The para-carborods are only sparingly soluble. Thus one major goal of carborod chemistry is to increase their solubilities by substituting the B-H vertices of the molecular cage units with solubilizing substituents. This can be accomplished by using camouflaged carboranes, like per-B-methylated para-carborane, which will provide excellent solubility in hydrophobic hydrocarbon solvents. Per-B-hydroxylated para-carborane could be utilized to synthesize a hydrophilic rod. Figure 2 shows a universal para-carborod to demonstrate/summarize the research activities that are currently in progress. The investigations include the variation of the terminal substituents (X, Y), the type of linkage (R), the substituents at the B-H vertices of the cage (R'), and the isomeric carborane used (ortho-, meta-, or para-) in modular construction. In this manner, the dimensions, solubility, and function of the resulting carborod may be tuned to fulfill a particular purpose.

           If Y in figure 2a represents a polar group such as -COOH or -SiCl₃ the dimeric rod is suited for the generation of an ordered monolayer on water or silica. Polymeric rods resembling those in figure 2b represent potential candidates for liquid-crystal applications. Molecules of the type shown in figure 2c which are terminally substituted with metal centers in different oxidation states may serve as molecular wires allowing the metal centers to communicate electronically. Furthermore, cross-coupling the three isomeric icosahedral carboranes via suitable linkers will lead to mixed, three-dimensional carborod-like constructs (e.g. "carboboxes"). This endeavor, if successful, could provide a large advance toward a real molecular "tinker toy" construction set based upon aromatic organoborane components.

Selected References:

Axel Herzog, Andreas Maderna, George N. Harakas, Carolyn B. Knobler and M. Frederick Hawthorne, "A Camouflaged Nido-Carborane Anion: Facile Synthesis of Octa-B-methyl-1,2-dicarba-closo-dodecaborane(12) and Its Deboration Reaction," Chem.
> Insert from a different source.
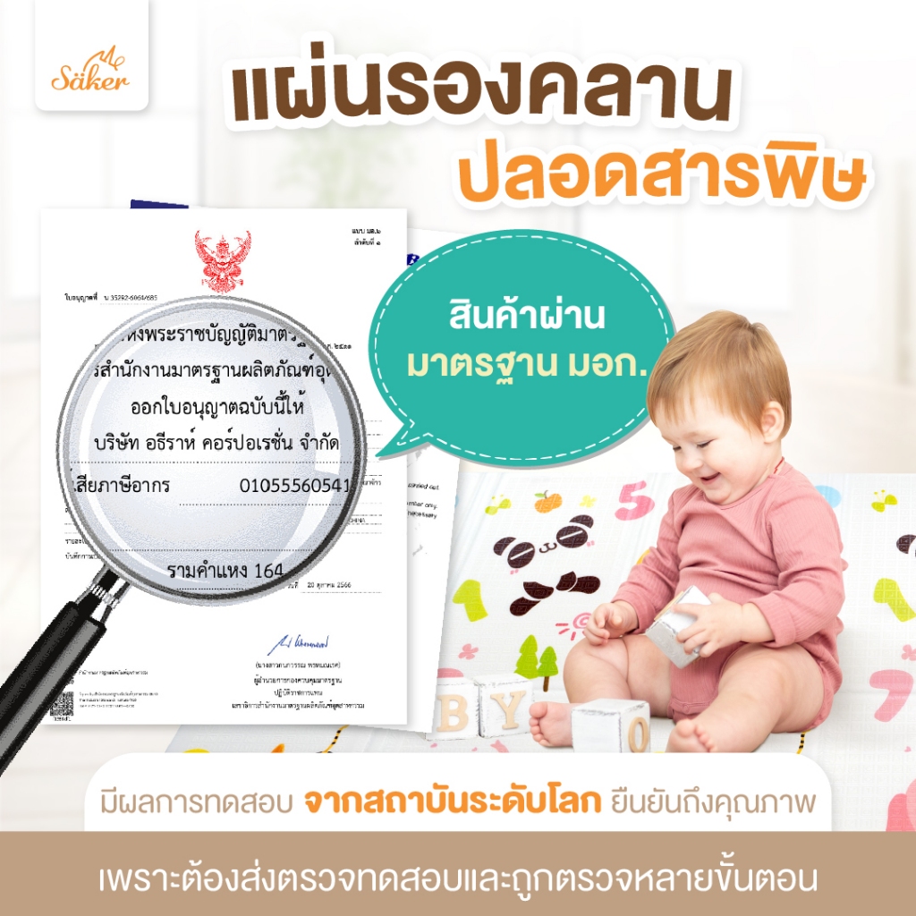 [มีใบเซอร์ปลอดสารพิษ,สารก่อมะเร็งจากSGS]แผ่นรองคลาน Saker แบบพับได้2ด้าน2ลาย คุณภาพสูง มาตรฐานยุโรป

Eur. J., 5, 1212, (1999).

Toralf Peymann, Axel Herzog, Carolyn B. Knobler, and M. Frederick Hawthorne, "Aromatic Polyhedral Hydroxyborates: Bridging Boron Oxides and Boron Hydrides," Angew. Chem. Int. Ed., 38(8), 1061, (1999).

Laura J. Yeager, Fusayo Saeki, Kenneth Shelly, M. Frederick Hawthorne and Robin L. Garrell, "A New Class of Self Assembled Monolayers: closo-B₁₂H₁₁S^3- on Gold ," J. Am. Chem. Soc., 120, 9961, (1998).
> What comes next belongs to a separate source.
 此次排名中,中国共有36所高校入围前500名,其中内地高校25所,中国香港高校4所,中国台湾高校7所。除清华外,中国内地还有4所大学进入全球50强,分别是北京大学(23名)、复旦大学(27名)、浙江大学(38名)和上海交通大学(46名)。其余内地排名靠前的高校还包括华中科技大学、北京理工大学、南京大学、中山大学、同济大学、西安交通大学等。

Wei Jiang, David E. Harwell, Mark D. Mortimer, Carolyn B. Knobler and M. Frederick Hawthorne, "Palladium-Catalyzed Coupling of Ethynylated p-Carborane Derivatives: Synthesis and Structural Characterization of Modular Ethynylated p-Carborane Molecules," Inorg. Chem., 35, 4355, (1996).

Wei Jiang, Carolyn B. Knobler, Mark D. Mortimer, and M. Frederick Hawthorne, "A Camouflaged Icosahedral Carborane: Dodecamethyl-1,12-dicarba-closo-dodecarborane(12) and Related Compounds," Angew. Chem., 34, 1332, (1995).
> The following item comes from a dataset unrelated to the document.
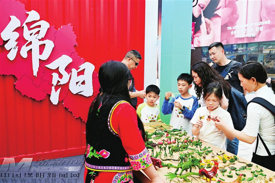 此次推介活动中,绵阳还将非遗技艺与老字号美食、文旅好物深度融合,让传统文化更接地气、更具烟火气。江油展区内,江油肥肠、太白酥、麻饼等特色美食香气扑鼻、令人垂涎;梓潼、平武展区里,大熊猫玩偶、创意冰箱贴等文创产品清新精致、独具特色。现场咨询、选购的游客络绎不绝,全方位展现了绵阳深厚的历史人文底蕴、丰富的文旅产品,以及繁荣兴旺的文旅商全产业链生态。

Xiaoguang Yang, Wei Jiang, Carolyn B. Knobler and M. Frederick Hawthorne, "Rigid-Rod Molecules: Carborods. Synthesis of Tetrameric p-Carboranes and the Crystal Structure of Bis(tri-n-Butylsilyl)-Tetra-p-Carboranes," J. Am. Chem. Soc., 114, 9719, (1992).

Kenneth P. Callahan and M. Frederick Hawthorne, "Organometallic Reactions of 1-Ethynyl-1,2-carborane," J. Am. Chem. Soc., 95, 4574, (1973).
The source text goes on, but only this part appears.